Directions for this task: Beneath this line sits some data. Return only its lines from the one holding "The characteristics of" through the one holding "ADF彩色双面扫描速度(A4,200dpi)  :   240", inclusive, exactly, with the images removed.

Source material:
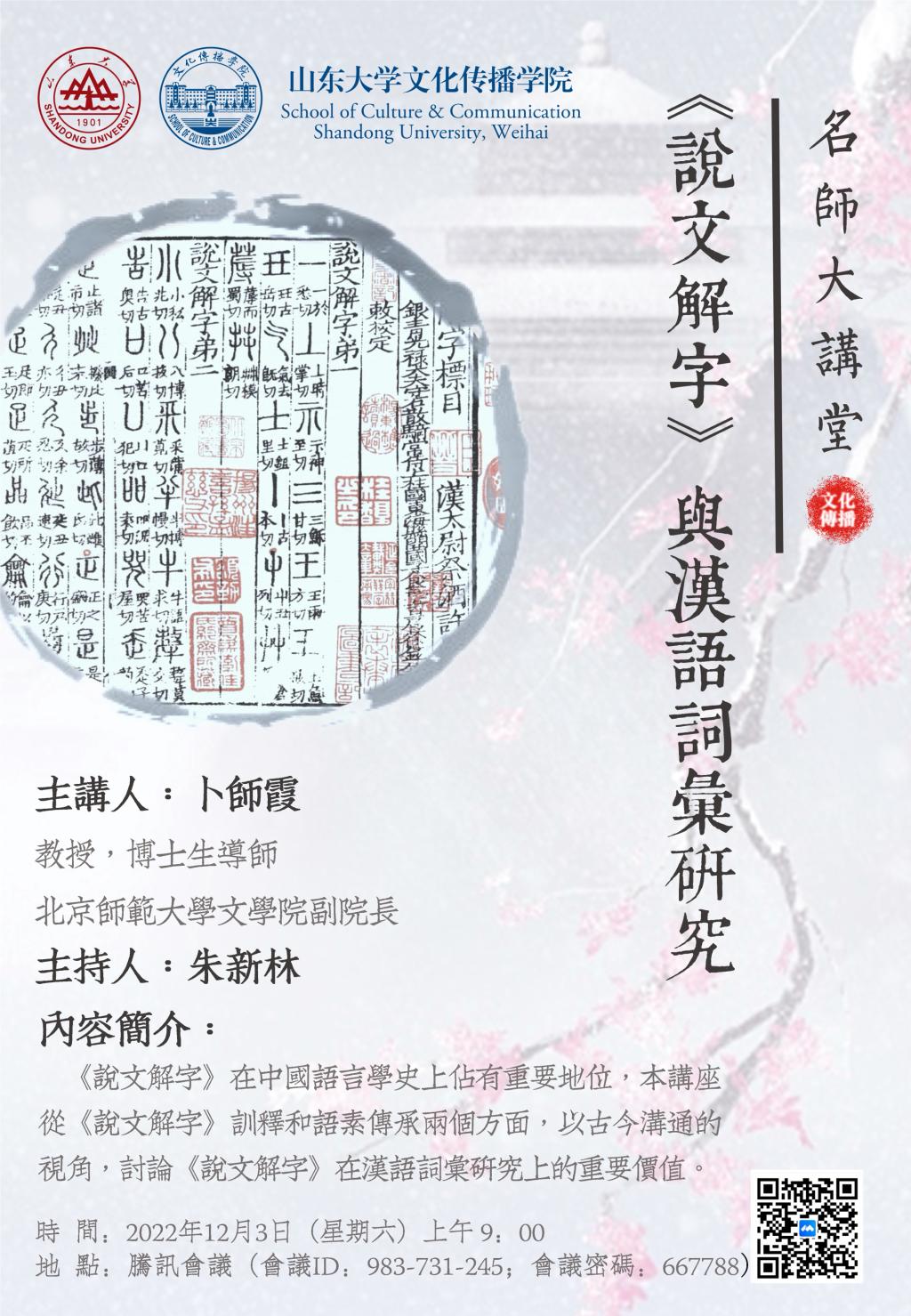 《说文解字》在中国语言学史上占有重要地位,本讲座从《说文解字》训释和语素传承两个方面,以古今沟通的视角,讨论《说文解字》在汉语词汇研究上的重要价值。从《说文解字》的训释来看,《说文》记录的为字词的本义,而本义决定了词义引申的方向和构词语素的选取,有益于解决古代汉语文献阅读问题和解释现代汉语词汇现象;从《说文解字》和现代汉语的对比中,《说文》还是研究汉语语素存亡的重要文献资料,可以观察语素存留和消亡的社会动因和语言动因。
...
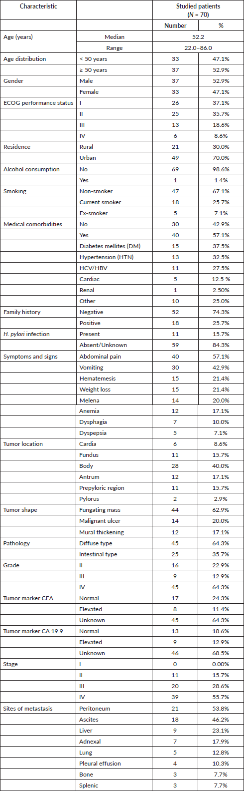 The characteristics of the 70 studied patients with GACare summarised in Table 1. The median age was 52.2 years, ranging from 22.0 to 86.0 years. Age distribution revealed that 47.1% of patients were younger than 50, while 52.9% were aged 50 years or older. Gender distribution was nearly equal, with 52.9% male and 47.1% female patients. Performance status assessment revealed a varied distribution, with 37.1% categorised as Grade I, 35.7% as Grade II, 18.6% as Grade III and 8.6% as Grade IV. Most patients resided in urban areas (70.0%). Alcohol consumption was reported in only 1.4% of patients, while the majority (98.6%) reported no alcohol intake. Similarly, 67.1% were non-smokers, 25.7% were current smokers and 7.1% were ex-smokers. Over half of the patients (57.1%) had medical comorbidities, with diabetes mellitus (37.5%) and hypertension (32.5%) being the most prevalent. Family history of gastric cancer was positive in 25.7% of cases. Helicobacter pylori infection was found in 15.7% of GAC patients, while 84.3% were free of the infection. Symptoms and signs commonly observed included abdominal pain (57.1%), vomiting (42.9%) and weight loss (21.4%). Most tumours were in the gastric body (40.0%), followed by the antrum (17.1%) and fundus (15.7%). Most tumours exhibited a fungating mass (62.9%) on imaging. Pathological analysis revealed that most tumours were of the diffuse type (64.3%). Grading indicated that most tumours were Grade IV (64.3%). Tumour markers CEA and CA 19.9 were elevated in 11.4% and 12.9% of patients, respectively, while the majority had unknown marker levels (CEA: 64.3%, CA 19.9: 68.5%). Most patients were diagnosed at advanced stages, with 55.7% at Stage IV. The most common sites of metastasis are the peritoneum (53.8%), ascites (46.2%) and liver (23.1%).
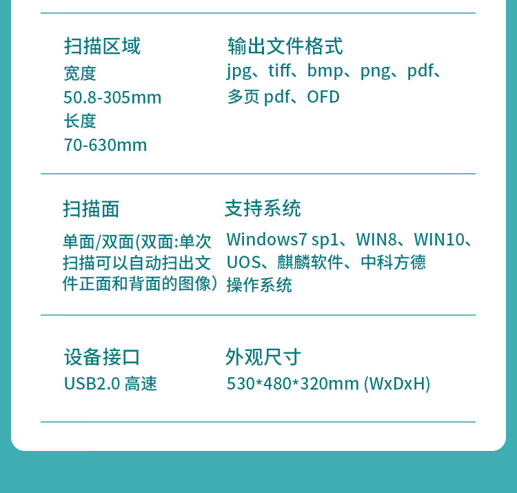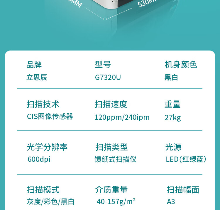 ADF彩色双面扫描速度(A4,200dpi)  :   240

Answer for this exercise:
 The characteristics of the 70 studied patients with GACare summarised in Table 1. The median age was 52.2 years, ranging from 22.0 to 86.0 years. Age distribution revealed that 47.1% of patients were younger than 50, while 52.9% were aged 50 years or older. Gender distribution was nearly equal, with 52.9% male and 47.1% female patients. Performance status assessment revealed a varied distribution, with 37.1% categorised as Grade I, 35.7% as Grade II, 18.6% as Grade III and 8.6% as Grade IV. Most patients resided in urban areas (70.0%). Alcohol consumption was reported in only 1.4% of patients, while the majority (98.6%) reported no alcohol intake. Similarly, 67.1% were non-smokers, 25.7% were current smokers and 7.1% were ex-smokers. Over half of the patients (57.1%) had medical comorbidities, with diabetes mellitus (37.5%) and hypertension (32.5%) being the most prevalent. Family history of gastric cancer was positive in 25.7% of cases. Helicobacter pylori infection was found in 15.7% of GAC patients, while 84.3% were free of the infection. Symptoms and signs commonly observed included abdominal pain (57.1%), vomiting (42.9%) and weight loss (21.4%). Most tumours were in the gastric body (40.0%), followed by the antrum (17.1%) and fundus (15.7%). Most tumours exhibited a fungating mass (62.9%) on imaging. Pathological analysis revealed that most tumours were of the diffuse type (64.3%). Grading indicated that most tumours were Grade IV (64.3%). Tumour markers CEA and CA 19.9 were elevated in 11.4% and 12.9% of patients, respectively, while the majority had unknown marker levels (CEA: 64.3%, CA 19.9: 68.5%). Most patients were diagnosed at advanced stages, with 55.7% at Stage IV. The most common sites of metastasis are the peritoneum (53.8%), ascites (46.2%) and liver (23.1%).
 ADF彩色双面扫描速度(A4,200dpi)  :   240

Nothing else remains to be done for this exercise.